Пулеметчик не ответил фашисту. Даже в его роте, где он воевал с ноября тридцать шестого года, никто не знал его настоящего имени. Товарищи звали пулеметчика просто Казик. Он был застенчив и неразговорчив. Военную форму носил небрежно, зато отлично знал оружие и был храбр. Главный предмет его забот — ручной пулемет — всегда сверкал чистотой и никогда не отказывал в бою.

— Молчишь?
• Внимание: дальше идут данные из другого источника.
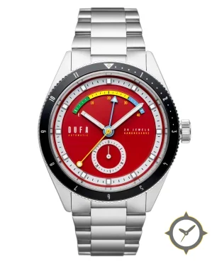 Eine GMT-Uhr mit einem vielseitigen 40.5mm Gehäuse, das an fast jedes Handgelenk passt, gefertigt aus Edelstahl mit einem Zifferblatt in rot und einer besonderen "smooth lacquer"-Oberfläche und einer echten GMT-Funktion, mit der du eine zweite Zeitzone verfolgen kannst.
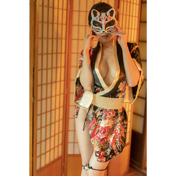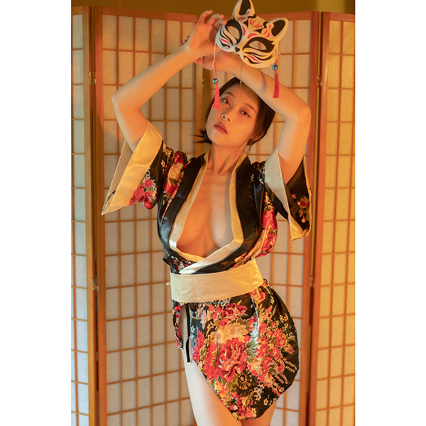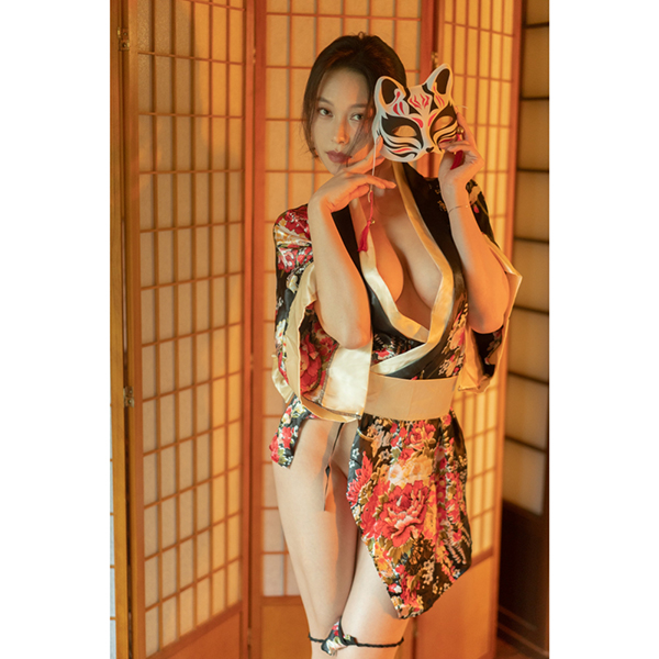 豪華な黒地サテンに赤・金・ピンクの華やかな花柄が咲き乱れるミニ着物風デザイン、さらに付属のTバックも同柄!大胆にはだけた胸元、裾から見え隠れする美脚&美尻などなど、雅な花魁をイメージしたまさに至高のアイテム。

А это что? — и офицер протянул пленному найденную у него в кармане при обыске газетную и вырезку: на сцене у рояля стоял с букетом цветов очень похожий на пленного пианист.

Бледное лицо Казика покрылось слабым румянцем.

— Это ты?

— Мой последний концерт в Кракове. Весь сбор переведен в фонд помощи детям Испанской Республики.

— Что же ты здесь, скотина, делаешь? Концерты красным даешь?

— Нет. Сейчас не до музыки. У меня теперь специальность другая — я пулеметчик.

— А ты знаешь, что тебя ждет? Лозунг нашего легиона «Вива муэрте!» — «Да здравствует смерть!» Ради тебя мы не намерены его менять!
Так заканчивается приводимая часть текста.